Data plays a critical role in investigations, doesn't it? It can lead to a new way of looking at things and develop other insights. The most unfortunate thing is that the data you are looking for is not usually readily available. You can find it on the Internet, but it may not be in a format that is downloadable. In such a case, you can use the web scraping technique to program and gather the data you need.
There are several scraping approaches and programming languages that can be of help through this process. This article will guide you on how to use the python language to scrap a site. You will gain a lot of insights on the operation of web pages. You will also get to understand how developers structure data on any website.
The best starting point is to download and install the Anaconda Python Distribution on your computing machine. You can also take some tutorials on the basics of this programming language. The best place to set off could be Codecademy especially if you have no idea in this field.
This guide will make use of the Polk Country current listing site for inmates. We will guide you on how to use a Python script to extract a list of inmates and get some data like the city of residence and race for each inmate. The whole script that we will be taking you through is stored and open at GitHub. This is one of the popular online platforms that allow sharing of computer codes. The codes have a long list of commentary that can be of great help to you.
When scraping any site, the first tool to look for is a web browser. Most of the browsers will give users HTML inspection tools that assist in lifting engine-bay hatch and getting to understand the page structure. The way you access each tool varies from one browser to another. However, the mainstay is the 'view page source, and you can get it by right-clicking on the page directly.
As you view the HTML source of the page, it is advisable to neatly list the details of the links to the inmate in table rows. The next step is to write a script that we are going to use to extract this information. The two Python packages that we are going to use in the heavy lifting process are the Beautiful Soup and Requests. Make sure you install them before you begin to run the code.
The web scraping script will do three things. These include loading the listing pages and extraction of links to the details pages, loading each detail page and extracting data, and printing the extracted data depending on how it is filtered like the city of residence and race. Once you understand this, the next step is to begin the coding process by using the Beautiful Soup and Requests.

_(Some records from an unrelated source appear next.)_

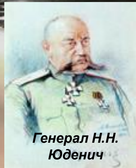
Генерал Н.Н. Юденич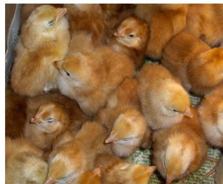
Рис 4 . Добові курчата 1 категорії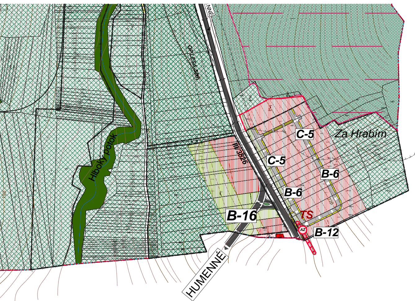
B-16 PRELOŽKA CESTY III/3826 HUMENNÉ-BRESTOV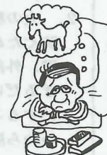
特別な理由もないのに寝つきが悪くなった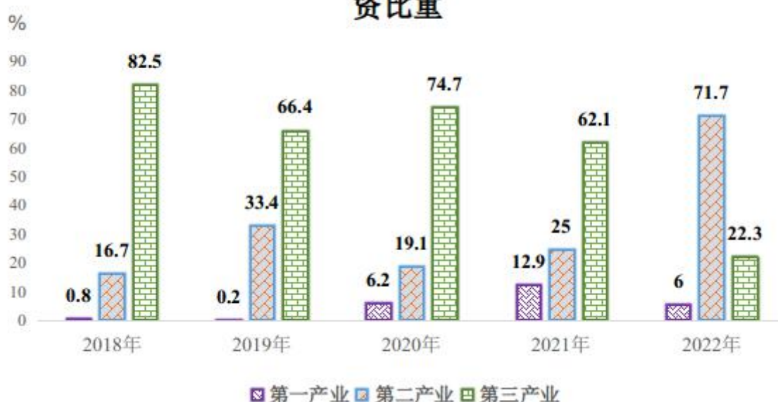
图7 2018年-2022年三次产业投资占固定资产投资比重

全年房地产投资69976万元，比上年下降68.9%，其中：住宅投资35748万元，比上年下降79.0%；商业用房投资33935万元，比上年下降34.1%。房屋施工面积928939平方米，比上年下降47%，其中住宅669235平方米，比上年下降51%。房屋竣工面积78892平方米，比上年下降67.2%，其中住宅41998平方米，比上年下降82.4%。商品房销售面积43099平方米，比上年下降85%，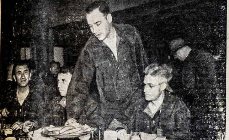
BIZNIERIAI MOKA PINIGUS UŽ KARISKO PRATIMO KURSĄ 700 biznierių atvyks į Plattsburgą, N. Y. kempę, kur jie turės 30 dienų militariško pratimo pamokas, už kurias užsimokės $46.50.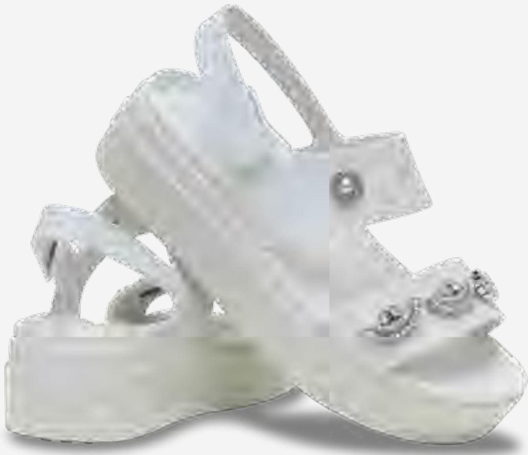
صندل بروكلين بيناكل مزين 4 يو AED 329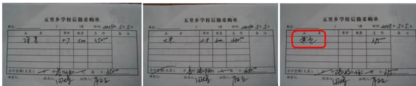
图 11 该校采购单组图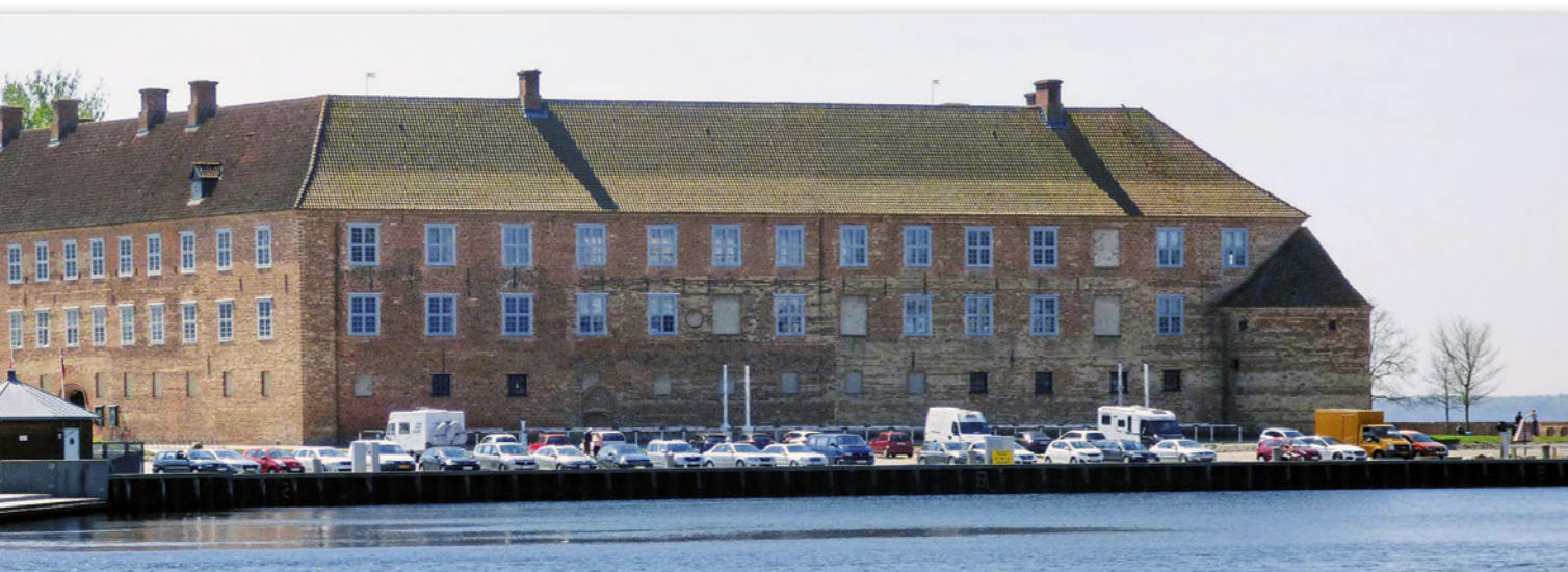
Sønderborg Slot: Slottet har fungert som kaserne for både danske og tyske soldater under skiftende regimer opp gjennom århundrene siden 1100-tallet.

Dette arrangementet har aner fra middelalderen, men festlighetene slik man feirer dem i dag, kom først inn i organiserte former i 1845. Da deltok ca. 450 ryttere som en del av feiringen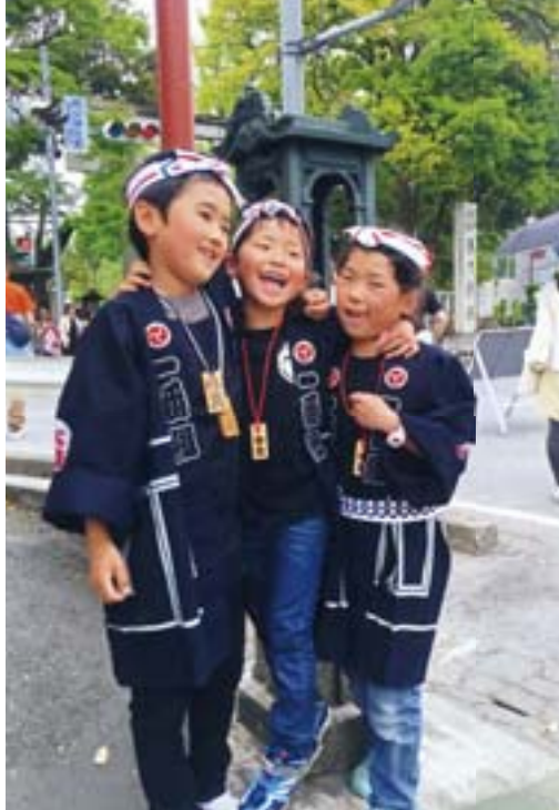
【散策サイン“開運案内板「どこいくべえ」】部門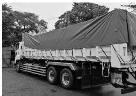
オーダーメイドによる車両と一体化したシート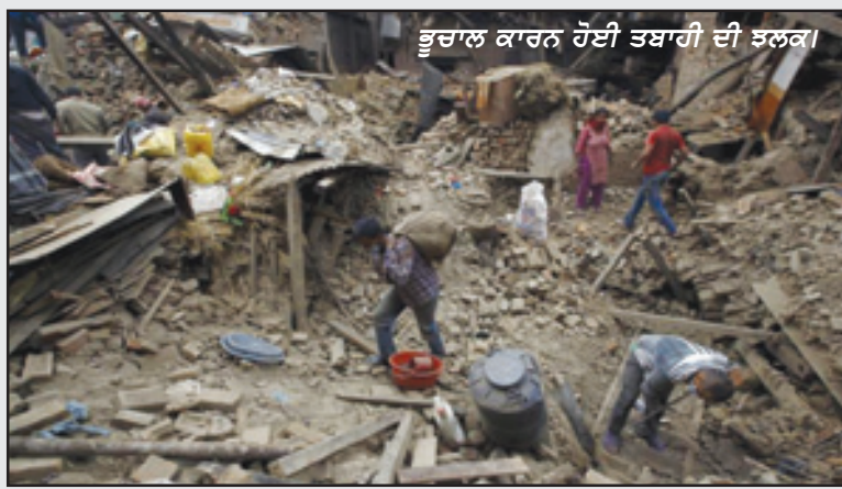
ਭੂਚਾਲ ਕਾਰਨ ਹੋਈ ਤਬਾਹੀ ਦੀ ਝਲਕ।

ਕਾਠਮੰਡੂ: ਭੂਚਾਲ ਦੀ ਮਾਰ ਕਾਰਨ ਬੁਰੀ ਤਰ੍ਹਾਂ ਝੰਬੇ ਨੇਪਾਲ ਦੇ ਪ੍ਰਧਾਨ ਮੰਤਰੀ ਦਾ ਅਜੇ ਹੁਣੇ ਜਿਹੇ ਹੀ ਬਿਆਨ ਆਇਆ ਹੈ ਕਿ ਮੁਲਕ ਨੂੰ ਭੂਚਾਲ ਦੀ ਮਾਰ ਤੋਂ ਉਠ ਖਲੋਣ ਲਈ ਘੱਟੋ-ਘੱਟ ਦੋ ਸਾਲ ਲੱਗ ਜਾਣੇ ਸਨ। ਯਾਦ ਰਹੇ ਕਿ 25 ਅਪਰੈਲ ਤੋਂ ਲੈ ਕੇ ਹੁਣ ਤੱਕ ਨੇਪਾਲ ਵਿਚ ਭੂਚਾਲ ਦੇ 70 ਤੋਂ ਵੱਧ ਛੋਟੇ-ਵੱਡੇ ਝਟਕੇ ਲੱਗ ਚੁੱਕੇ ਹਨ। 25 ਅਪਰੈਲ ਨੂੰ ਮੁਲਕ ਵਿਚ 7.9 ਸਿੱਦਤ ਵਾਲਾ ਭੂਚਾਲ ਆਇਆ ਸੀ ਅਤੇ ਇਸ ਵਿਚ 8 ਹਜ਼ਾਰ ਤੋਂ ਵੱਧ ਲੋਕ ਮਾਰੇ ਜਾ ਚੁੱਕੇ ਹਨ। ਜਿਹੜਾ ਮਾਲੀ ਨੁਕਸਾਨ ਹੋਇਆ ਹੈ, ਉਸ ਦਾ ਫਿਲਹਾਲ ਕੋਈ ਹਿਸਾਬ ਹੀ ਨਹੀਂ ਹੈ। ਲੱਖਾਂ ਲੋਕ ਘਰੋਂ ਬੇਘਰ ਹੋ ਗਏ ਹਨ। ਲਗਾਤਾਰ ਲੱਗ ਰਹੇ ਭੂਚਾਲ ਦੇ ਝਟਕਿਆਂ ਕਾਰਨ ਲੋਕ ਬਹੁਤ

Firstly, logically load the inmate listing page using the requests.get URL and then use the beautiful soup to purse it. After that, we extract the link to the details pages by looping through each row. After parsing the inmate details, the next step is to extract the sex, age, race, booking time, and name values to the dictionary. Each inmate will get his dictionary, and all the dictionaries will get appended to the inmate's list. Finally, loop over the race and city values before you finally print out your list.